◆ Study material

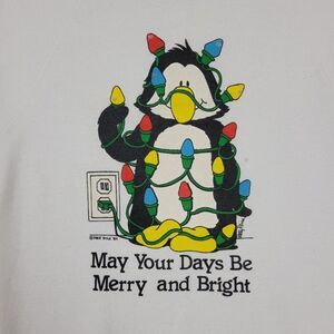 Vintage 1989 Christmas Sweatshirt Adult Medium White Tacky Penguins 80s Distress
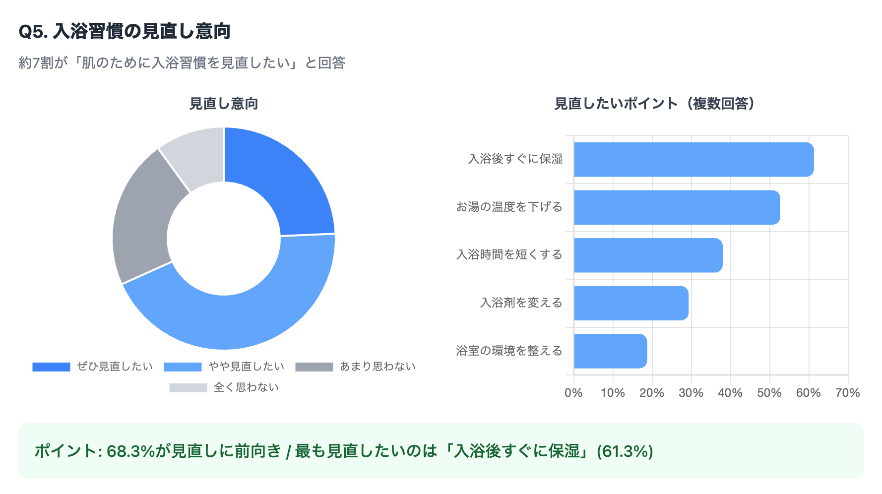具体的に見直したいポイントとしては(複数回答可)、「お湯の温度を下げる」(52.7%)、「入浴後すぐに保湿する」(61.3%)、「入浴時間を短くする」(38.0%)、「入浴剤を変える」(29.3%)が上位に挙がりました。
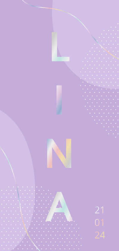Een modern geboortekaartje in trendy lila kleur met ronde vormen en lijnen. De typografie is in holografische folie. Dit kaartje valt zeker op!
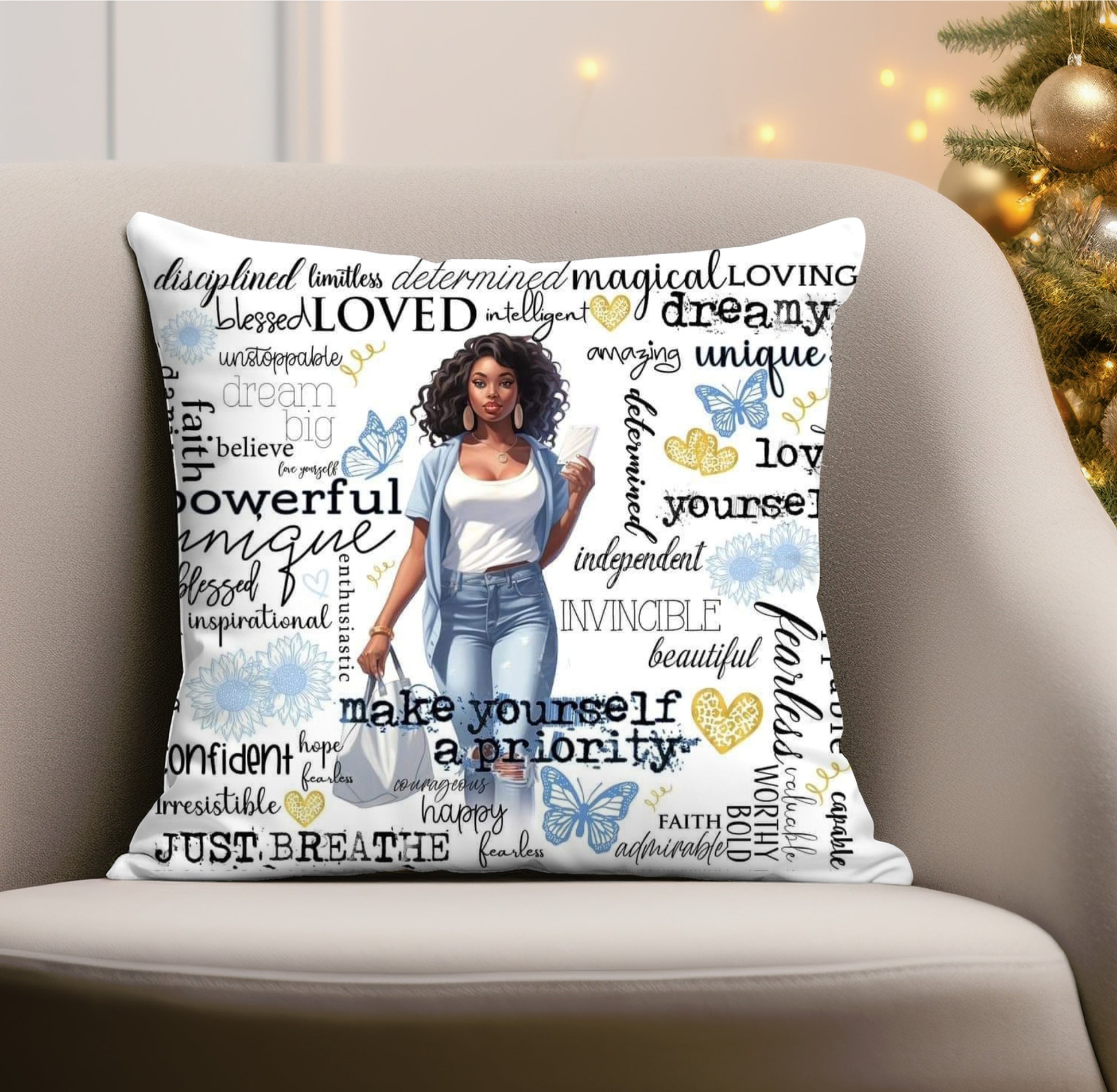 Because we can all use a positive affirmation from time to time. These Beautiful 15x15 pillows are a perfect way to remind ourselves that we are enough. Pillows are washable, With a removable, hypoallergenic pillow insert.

---

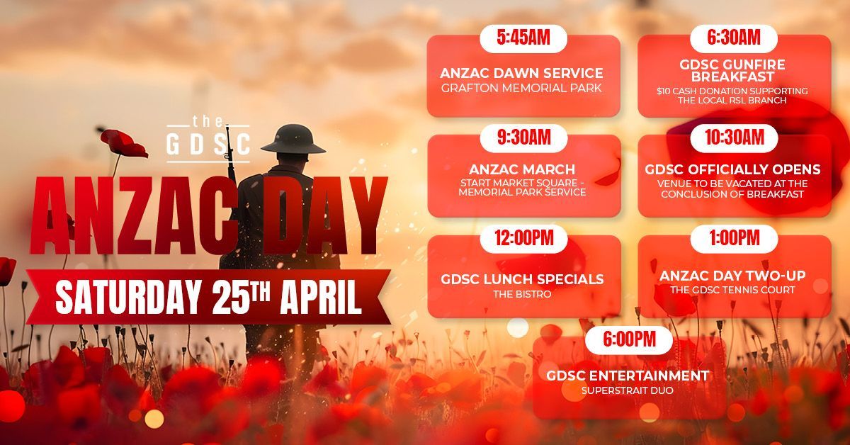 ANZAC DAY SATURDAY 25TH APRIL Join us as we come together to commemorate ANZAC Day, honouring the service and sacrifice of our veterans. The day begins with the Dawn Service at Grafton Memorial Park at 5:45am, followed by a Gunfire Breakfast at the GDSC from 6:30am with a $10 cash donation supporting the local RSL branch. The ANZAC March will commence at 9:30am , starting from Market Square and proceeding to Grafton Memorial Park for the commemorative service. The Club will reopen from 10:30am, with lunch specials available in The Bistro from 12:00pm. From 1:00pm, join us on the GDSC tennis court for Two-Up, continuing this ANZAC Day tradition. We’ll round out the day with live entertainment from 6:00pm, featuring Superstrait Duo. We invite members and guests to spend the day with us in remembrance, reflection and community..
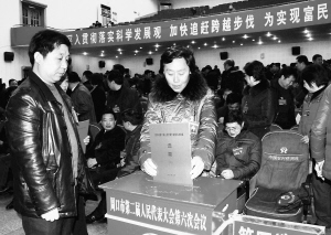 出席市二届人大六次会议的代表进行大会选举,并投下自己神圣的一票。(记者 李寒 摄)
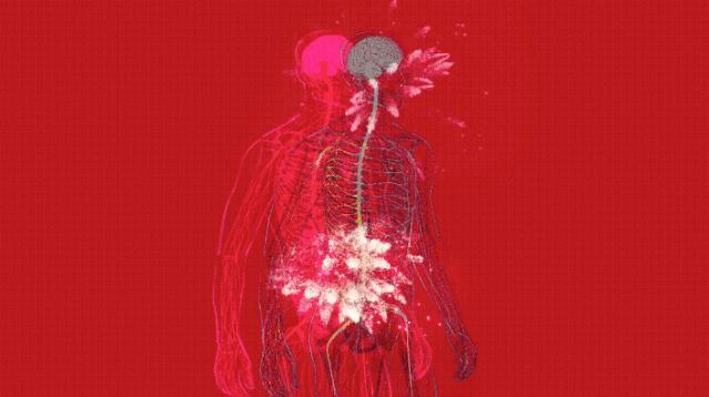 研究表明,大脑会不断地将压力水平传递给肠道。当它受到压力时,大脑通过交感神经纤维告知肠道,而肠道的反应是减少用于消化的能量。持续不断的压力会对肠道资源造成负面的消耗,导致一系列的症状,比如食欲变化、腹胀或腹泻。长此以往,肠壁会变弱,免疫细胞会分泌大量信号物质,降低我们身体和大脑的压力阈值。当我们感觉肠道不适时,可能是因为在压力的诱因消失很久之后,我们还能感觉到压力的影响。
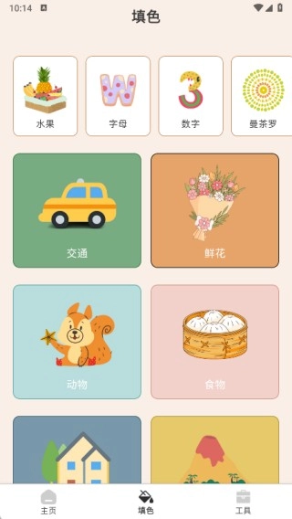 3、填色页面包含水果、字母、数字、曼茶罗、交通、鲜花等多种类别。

◆ What you are asked to do
To complete this exercise, transcribe exactly the lines above from the one that holds "Vintage 1989 Christmas" through the one that holds "Because we can". Pictures stay out.

◆ Answer to this problem
 Vintage 1989 Christmas Sweatshirt Adult Medium White Tacky Penguins 80s Distress
具体的に見直したいポイントとしては(複数回答可)、「お湯の温度を下げる」(52.7%)、「入浴後すぐに保湿する」(61.3%)、「入浴時間を短くする」(38.0%)、「入浴剤を変える」(29.3%)が上位に挙がりました。
Een modern geboortekaartje in trendy lila kleur met ronde vormen en lijnen. De typografie is in holografische folie. Dit kaartje valt zeker op!
 Because we can all use a positive affirmation from time to time. These Beautiful 15x15 pillows are a perfect way to remind ourselves that we are enough. Pillows are washable, With a removable, hypoallergenic pillow insert.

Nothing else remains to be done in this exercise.